• DIRECTIONS FOR THIS TASK: Wherever pictures appear in the listing below, leave them out, and copy exactly, and only, everything from the line with "- Nastavitelné nožičky: Spodní" down to the line with "шт №CH647 молочный".

• INPUT DATA:
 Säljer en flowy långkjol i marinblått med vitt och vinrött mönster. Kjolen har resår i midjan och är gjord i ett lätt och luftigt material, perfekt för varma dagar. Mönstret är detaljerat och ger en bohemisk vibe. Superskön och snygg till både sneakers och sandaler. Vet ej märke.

---

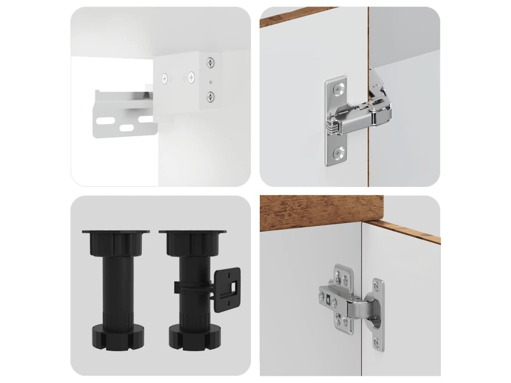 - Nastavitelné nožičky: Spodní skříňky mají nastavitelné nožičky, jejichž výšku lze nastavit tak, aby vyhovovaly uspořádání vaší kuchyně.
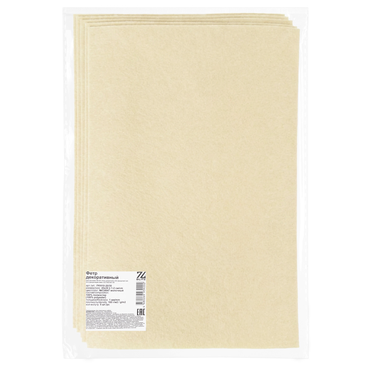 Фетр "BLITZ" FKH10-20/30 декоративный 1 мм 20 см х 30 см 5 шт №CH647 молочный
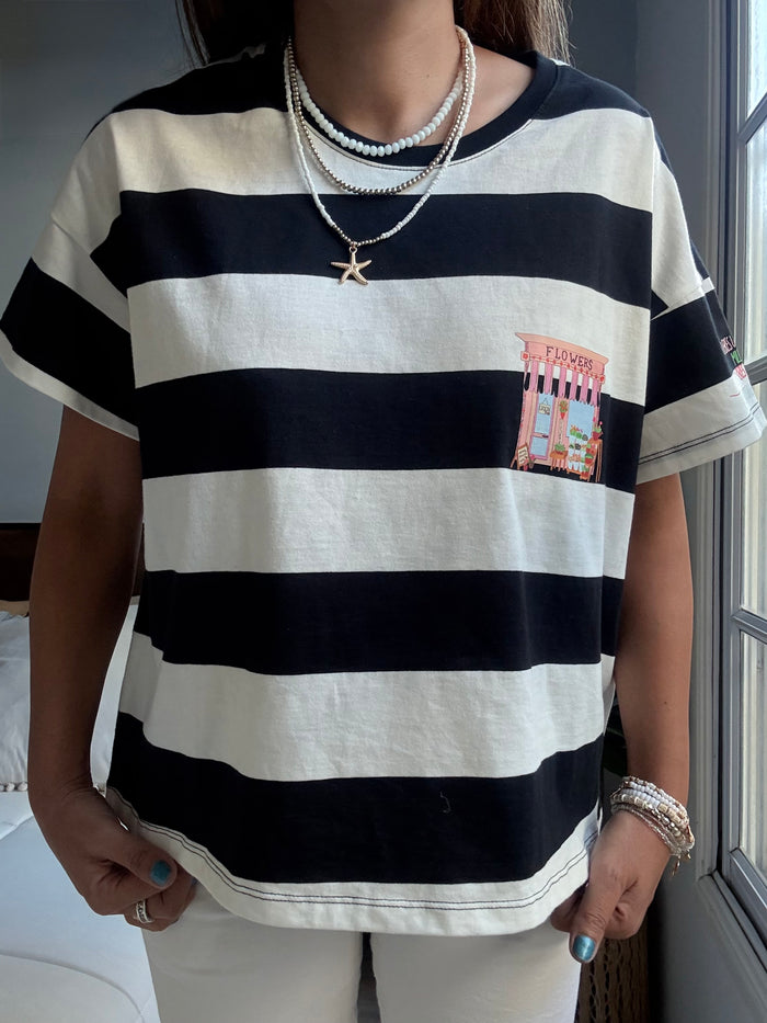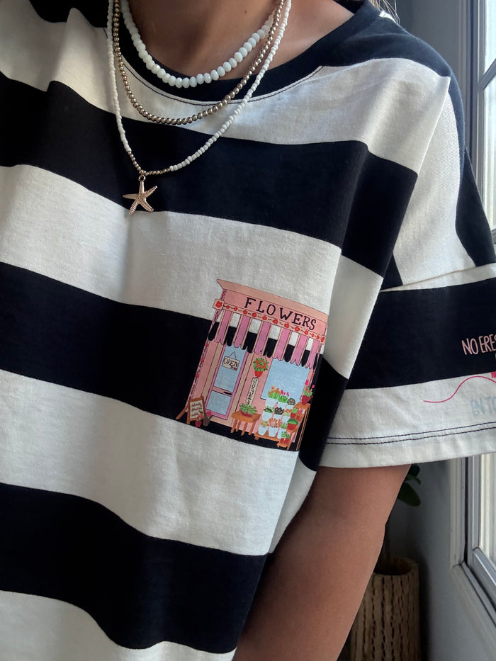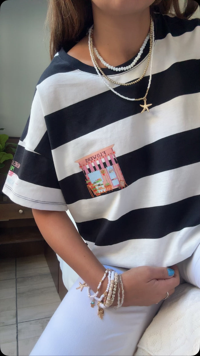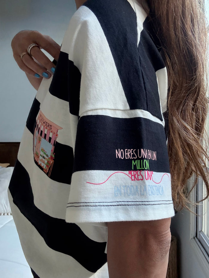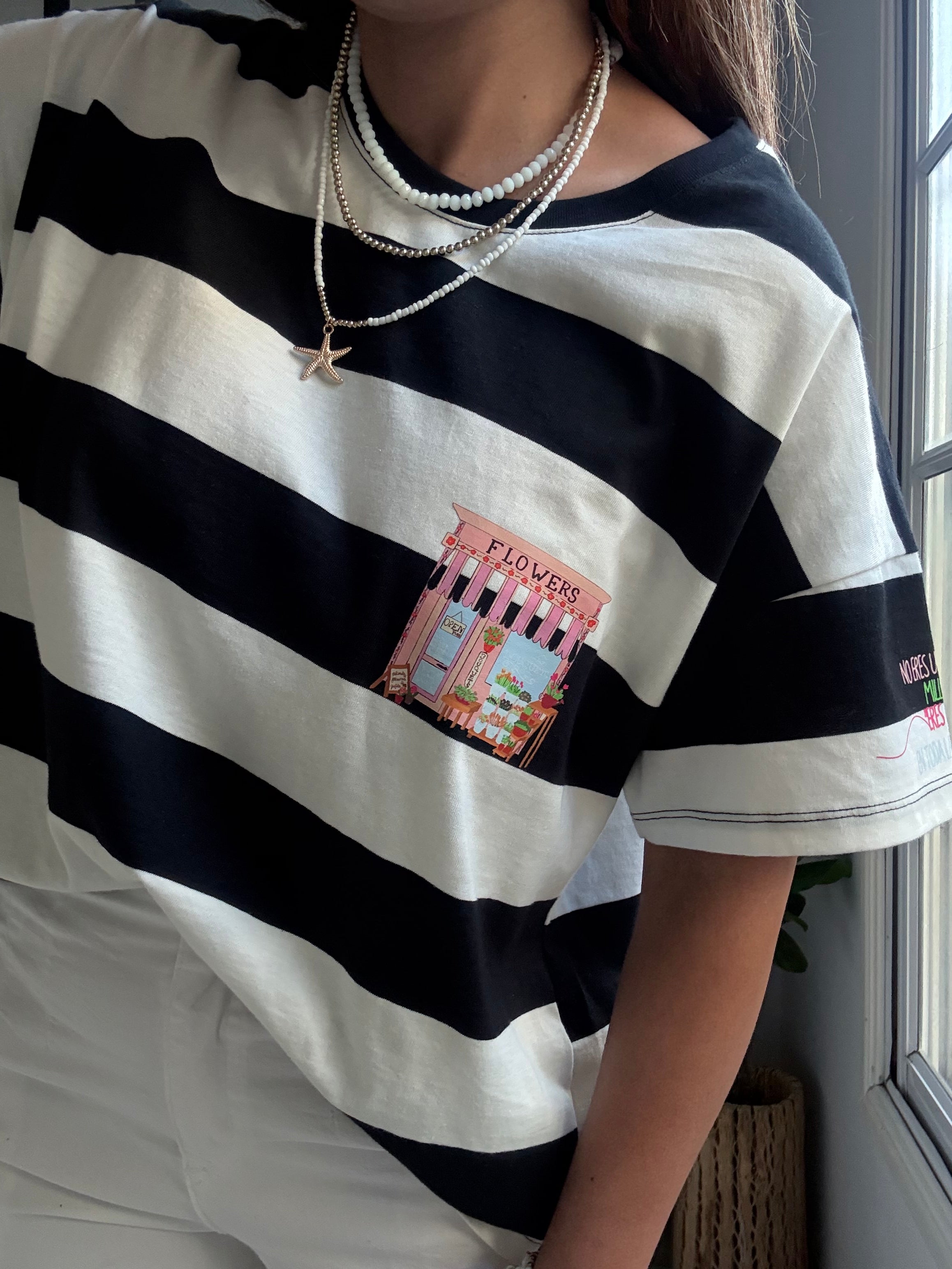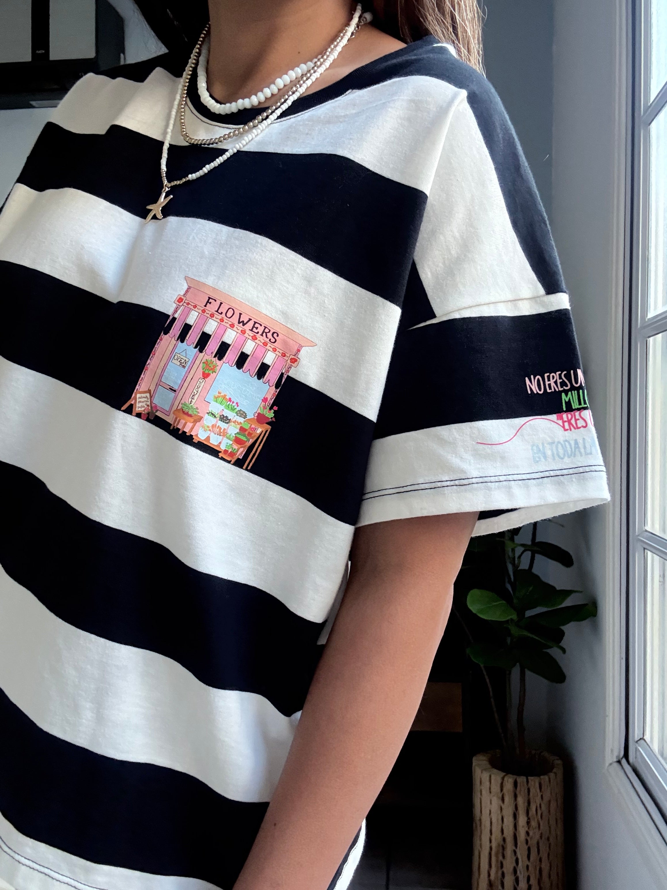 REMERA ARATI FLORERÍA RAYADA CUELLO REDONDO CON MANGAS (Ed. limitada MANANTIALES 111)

• RESPONSE BELOW:
 - Nastavitelné nožičky: Spodní skříňky mají nastavitelné nožičky, jejichž výšku lze nastavit tak, aby vyhovovaly uspořádání vaší kuchyně.
 Фетр "BLITZ" FKH10-20/30 декоративный 1 мм 20 см х 30 см 5 шт №CH647 молочный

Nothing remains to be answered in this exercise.